» **EXERCISE PROMPT**
Only the stretch of the listing below that runs from the line with "HANS 1/2″ gépi" through the line with "Zwróć uwagę na" is to be printed, exactly and with both ends.

» **DATA SECTION**
::::::

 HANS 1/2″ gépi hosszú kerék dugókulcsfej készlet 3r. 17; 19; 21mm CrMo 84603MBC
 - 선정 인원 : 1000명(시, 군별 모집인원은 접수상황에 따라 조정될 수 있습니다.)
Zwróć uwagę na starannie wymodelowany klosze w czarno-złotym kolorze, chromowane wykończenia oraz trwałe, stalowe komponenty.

::::::

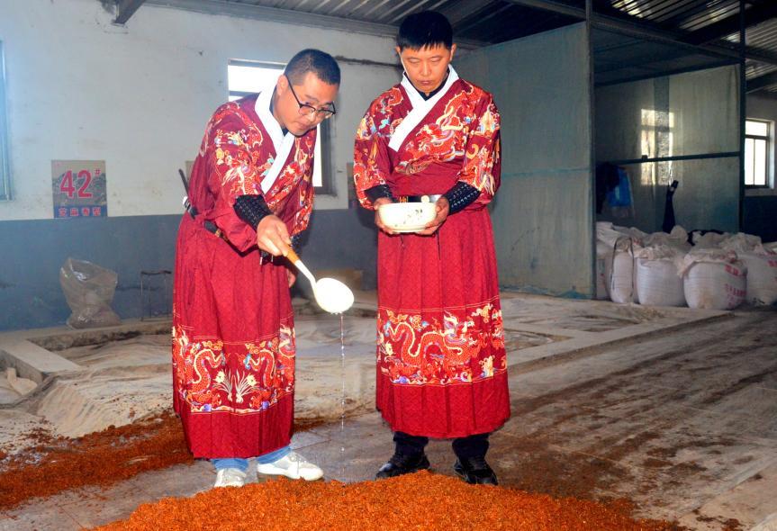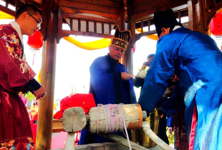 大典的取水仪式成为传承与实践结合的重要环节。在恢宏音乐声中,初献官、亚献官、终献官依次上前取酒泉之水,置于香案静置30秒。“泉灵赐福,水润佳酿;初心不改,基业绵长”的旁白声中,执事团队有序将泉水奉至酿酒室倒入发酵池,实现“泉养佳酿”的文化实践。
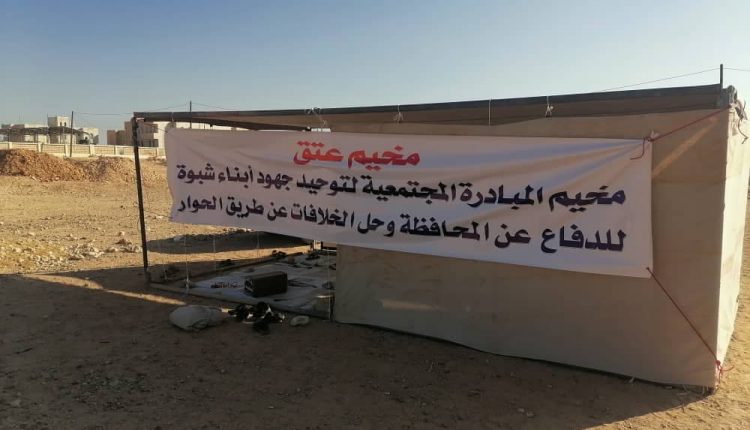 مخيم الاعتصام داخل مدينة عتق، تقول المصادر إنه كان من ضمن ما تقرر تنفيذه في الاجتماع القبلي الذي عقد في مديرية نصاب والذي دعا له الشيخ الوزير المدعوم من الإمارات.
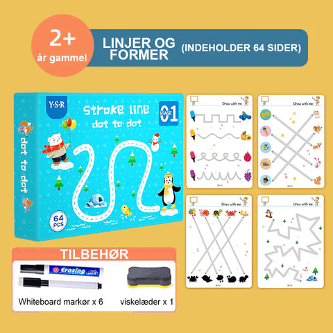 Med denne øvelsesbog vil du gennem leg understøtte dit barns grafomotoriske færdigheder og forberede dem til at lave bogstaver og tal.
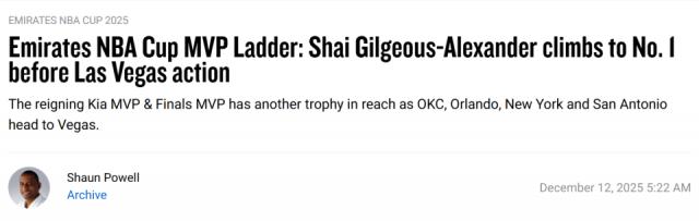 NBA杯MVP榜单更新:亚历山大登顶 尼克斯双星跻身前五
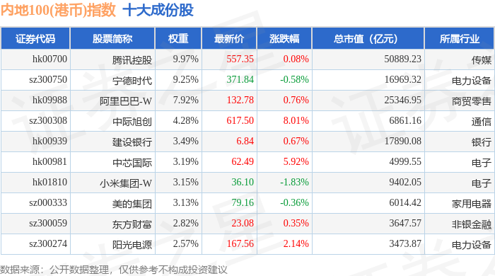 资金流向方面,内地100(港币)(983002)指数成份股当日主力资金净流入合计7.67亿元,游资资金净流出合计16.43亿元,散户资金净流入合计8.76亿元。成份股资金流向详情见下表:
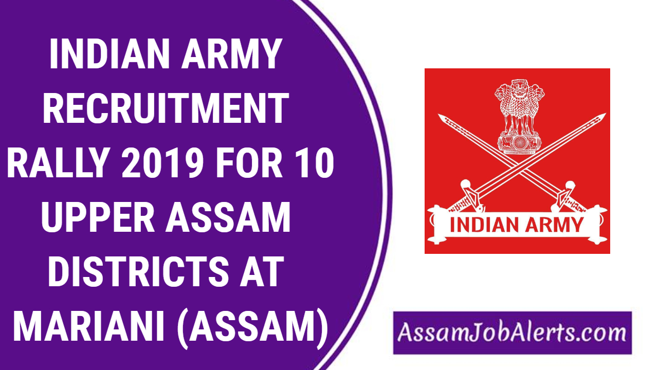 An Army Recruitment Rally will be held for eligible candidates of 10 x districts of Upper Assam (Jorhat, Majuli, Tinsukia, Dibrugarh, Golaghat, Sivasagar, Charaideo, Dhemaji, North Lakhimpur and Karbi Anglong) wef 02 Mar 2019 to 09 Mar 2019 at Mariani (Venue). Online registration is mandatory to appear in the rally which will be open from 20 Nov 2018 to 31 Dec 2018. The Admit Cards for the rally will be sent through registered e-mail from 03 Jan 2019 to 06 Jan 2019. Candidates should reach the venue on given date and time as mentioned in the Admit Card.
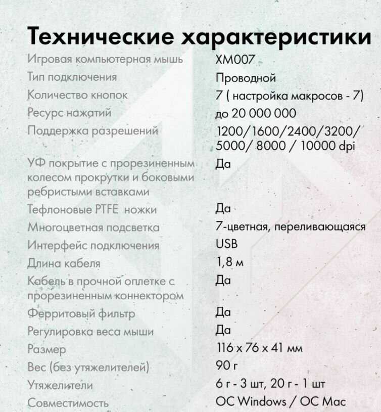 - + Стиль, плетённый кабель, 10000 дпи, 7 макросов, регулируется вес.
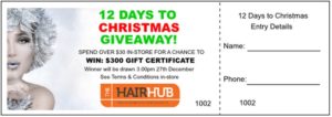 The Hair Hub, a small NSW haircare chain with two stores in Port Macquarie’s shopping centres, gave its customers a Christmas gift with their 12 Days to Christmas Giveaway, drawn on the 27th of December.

::::::

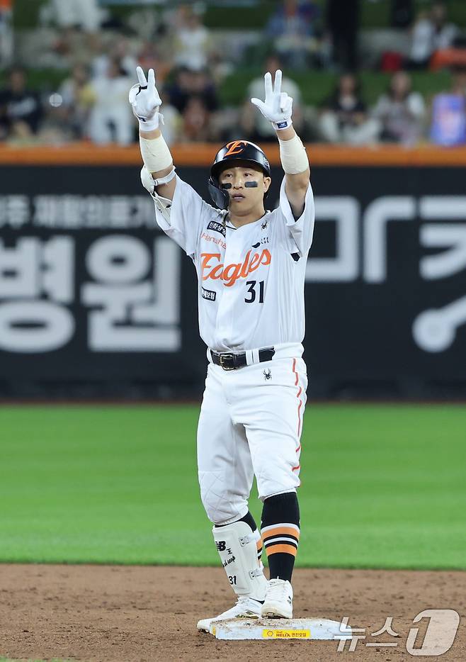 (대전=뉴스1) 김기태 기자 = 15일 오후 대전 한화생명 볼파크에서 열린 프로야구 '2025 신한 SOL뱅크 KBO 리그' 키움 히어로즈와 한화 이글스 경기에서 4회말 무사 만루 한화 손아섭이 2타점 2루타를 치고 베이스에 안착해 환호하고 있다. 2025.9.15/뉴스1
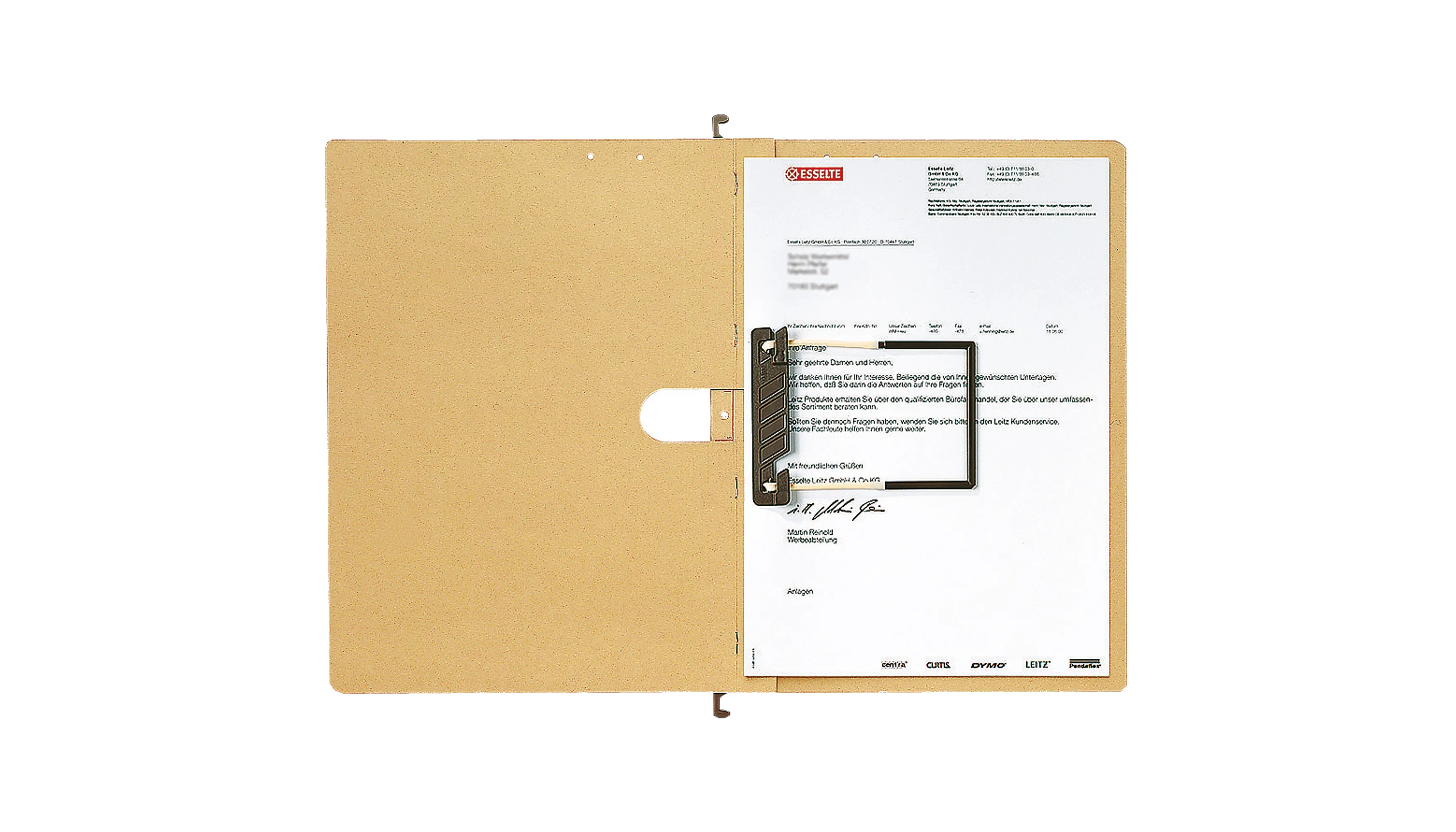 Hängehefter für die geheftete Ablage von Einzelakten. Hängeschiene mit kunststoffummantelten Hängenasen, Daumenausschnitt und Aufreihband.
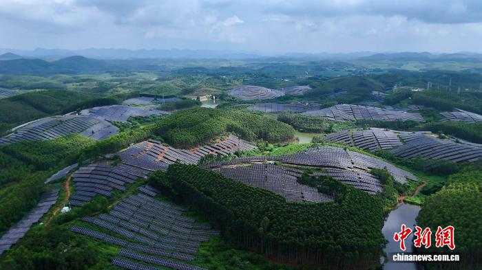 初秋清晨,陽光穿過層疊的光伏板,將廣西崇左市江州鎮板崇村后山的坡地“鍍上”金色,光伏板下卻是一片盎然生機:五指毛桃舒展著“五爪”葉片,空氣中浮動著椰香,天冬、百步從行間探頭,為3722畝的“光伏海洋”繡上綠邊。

::::::

» **RESPONSE BOX**
 HANS 1/2″ gépi hosszú kerék dugókulcsfej készlet 3r. 17; 19; 21mm CrMo 84603MBC
 - 선정 인원 : 1000명(시, 군별 모집인원은 접수상황에 따라 조정될 수 있습니다.)
Zwróć uwagę na starannie wymodelowany klosze w czarno-złotym kolorze, chromowane wykończenia oraz trwałe, stalowe komponenty.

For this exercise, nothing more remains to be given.